P293 Correlation between clinical measures to capture disease burden and prediction of the initial course of Crohn’s disease - findings from a Copenhagen IBD Inception Cohort Study (IBD Prognosis Study)
Attauabi, M.(1,2)*;Madsen, G.R.(2,3);Bendtsen, F.(2,3);Bjerrum, J.T.(1);Wilkens, R.(4);Theede, K.(2,3);Ilvemark, J.F.K.F.(2,3);Boysen, T.(2,3);Seidelin, J.B.(1);Burisch, J.(2,3);
(1)Copenhagen University Hospital - Herlev and Gentofte, Department of Gastroenterology and Hepatology, Herlev, Denmark;(2)Hvidovre Hospital, Copenhagen Center for Inflammatory Bowel Disease in Children- Adolescents- and Adults, Hvidovre, Denmark;(3)Copenhagen University Hospital - Amager and Hvidovre, Gastrounit- Medical Section, Hvidovre, Denmark;(4)Copenhagen University Hospital - Bispebjerg and Frederiksberg, Digestive Disease Center, Copenhagen, Denmark;
The initial disease burden of Crohn’s disease (CD) is dissimilar across patients; however, the ability to capture and predict the disease burden at diagnosis is scarcely investigated. The aim of the current study was to describe the initial disease burden of Crohn’s disease.

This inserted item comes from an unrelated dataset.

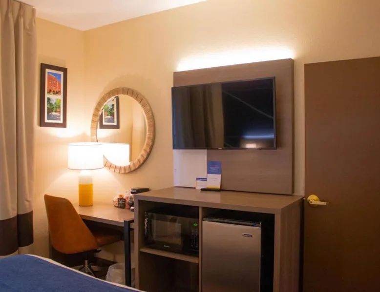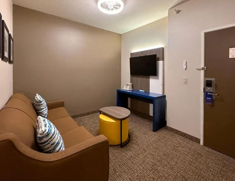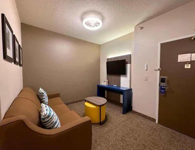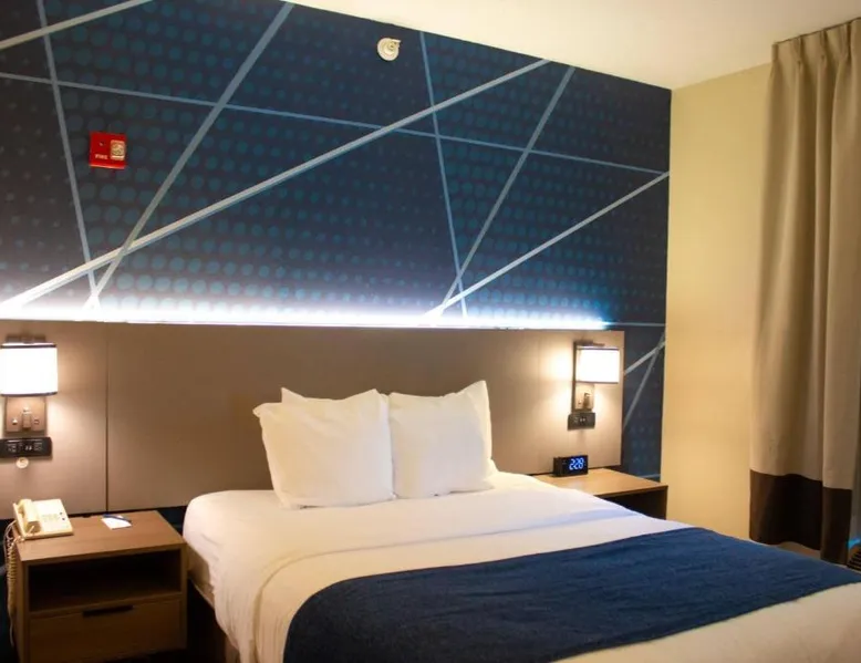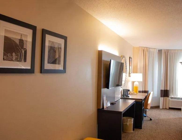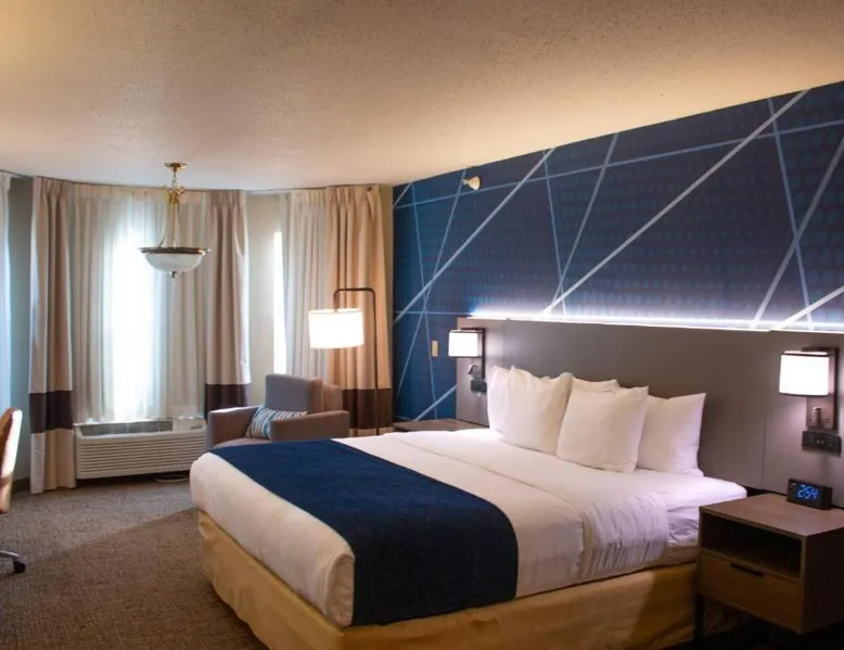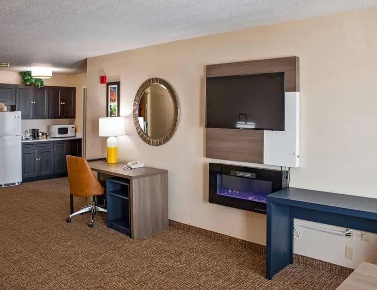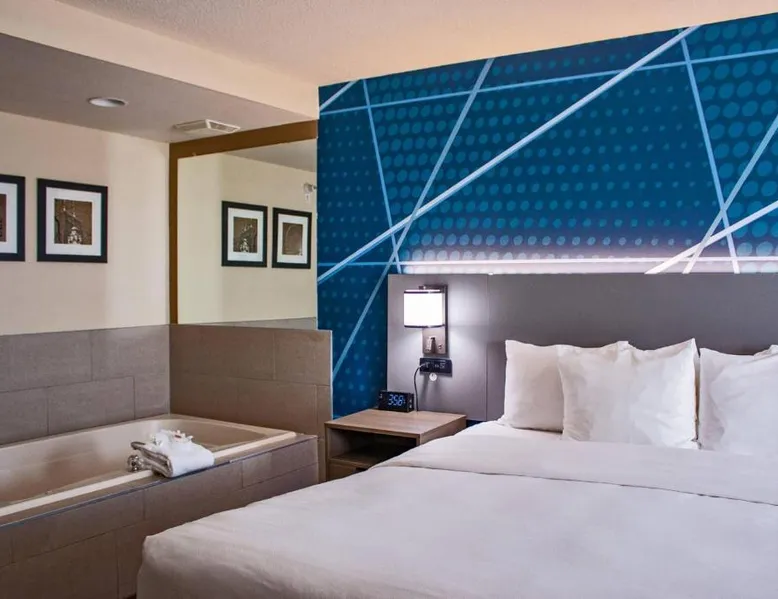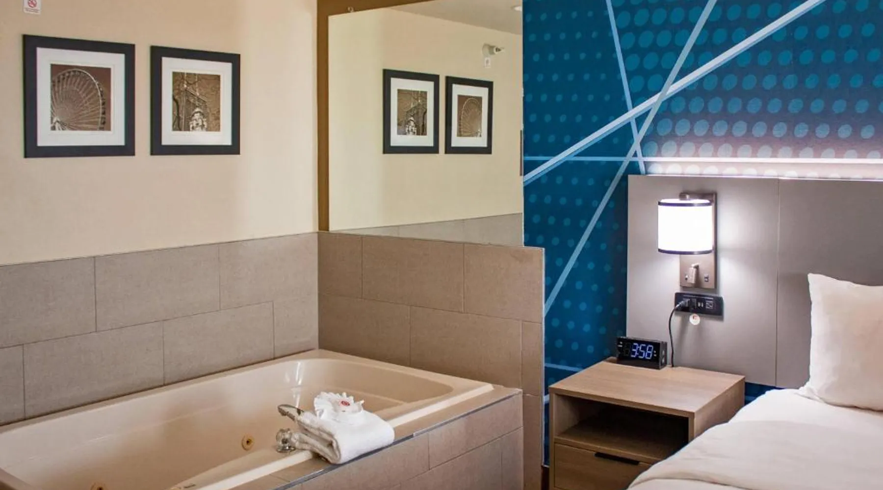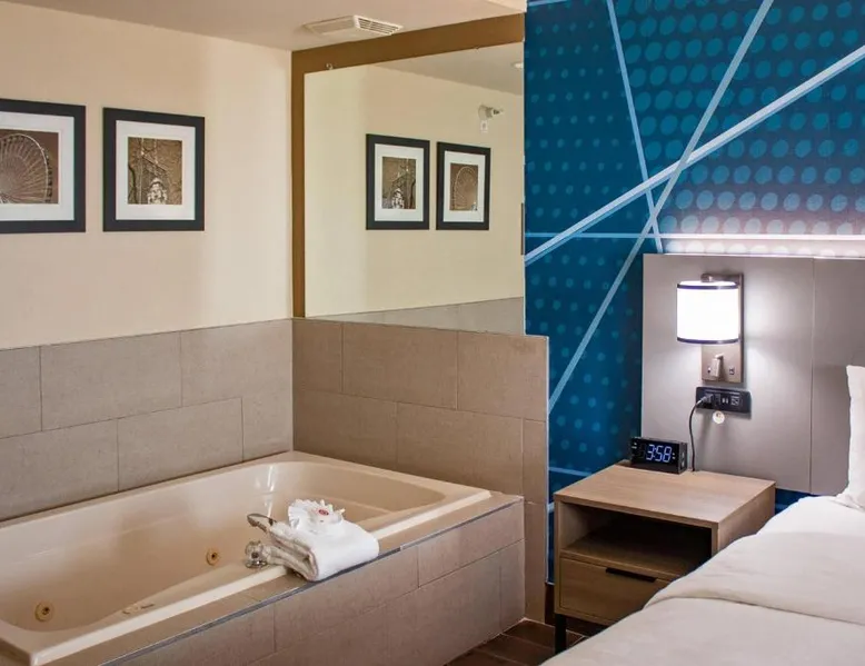 Comfortable Accommodations: Comfort Inn & Suites Geneva- West Chicago in Geneva offers air-conditioned rooms with private bathrooms, free WiFi, and modern amenities. Each room includes a work desk, TV, and complimentary toiletries. Leisure Facilities: Guests can enjoy an indoor swimming pool, hot tub, and spa bath. Additional amenities include a lounge, outdoor seating area, and picnic space. Free on-site private parking is available. Dining Options: A variety of breakfast options are provided, including continental, buffet, and vegetarian. Breakfast includes warm dishes, fresh pastries, pancakes, cheese, fruits, and juice. Convenient Location: Located 23 mi from Chicago O'Hare International Airport, the hotel is near Northwestern Medicine Field (1.1 mi) and Batavia Depot Museum (3 mi). Guests appreciate the convenient location and room cleanliness. This double room's standout feature is the hot tub. The spacious double room offers air conditioning, a tea and coffee maker, as well as a private bathroom featuring a bath and a shower. The double room provides a seating area, a carpeted floor, heating, as well as a flat-screen TV with cable channels. The unit offers 1 bed.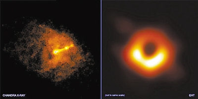 左圖 錢德拉X射線望遠鏡與事件視界望遠鏡同時拍攝的照片,顯示了M87星系中心黑洞的“相對論性噴流”。右圖 事件視界望遠鏡拍攝的M87星系中心黑洞圖像。圖片來源:美國趣味科學(xué)網(wǎng)站

IBD Prognosis Study is an ongoing prospective population-based inception cohort of newly diagnosed patients with CD between May 1st, 2021, and November 1st, 2022, according to the Copenhagen IBD Criteria.1 We defined an indolent disease presentation as no need for CD-related surgery, hospitalization, nor initiation of steroid, immunomodulatory, or biologic therapies within the first 30 days after diagnosis, while a complicated course was defined as the opposite.
The study included 134 patients with adult-onset CD, of whom approximately one-third (44/134, 33%) had an early indolent course, with 26 patients (19%) not requiring any medication (Tables 1-2). In demographic factor adjusted analyses, a colonic phenotype (adjusted odds ratio (aOR) =4.5 (95% confidence interval (CI) 1.6-15) and a low symptom load measured with Harvey-Bradshaw Index (HBI) <5 (aOR = 3.1 (CI 1.0-10) were independently associated with an indolent course. In contrast, a C-reactive protein (CRP) level higher than 10 mg/L was the only parameter associated with a complicated onset of CD (aOR = 4.7 (CI 2.1-12)). Pearson’s correlation analyses demonstrated a significant, moderate correlation between fecal (F-) calprotectin, CRP, and endoscopic lesions, measured with Simple Endoscopic Score for CD (SES-CD) (Table 3). HBI and the International Bowel Ultrasound Segmental Activity Score (IBUS-SAS) exhibited a significant but weak correlation with CRP. In a sensitivity analysis allowing exposure to anti-inflammatory therapy for only up to seven days, the platelet count, F-calprotectin, and bowel wall thickness measured in IBUS-SAS demonstrated a significant and moderate correlation with SES-CD. The total IBUS-SAS and CRP showed a significant but weak correlation, and other measures included in the IBUS-SAS did not yield significant correlations.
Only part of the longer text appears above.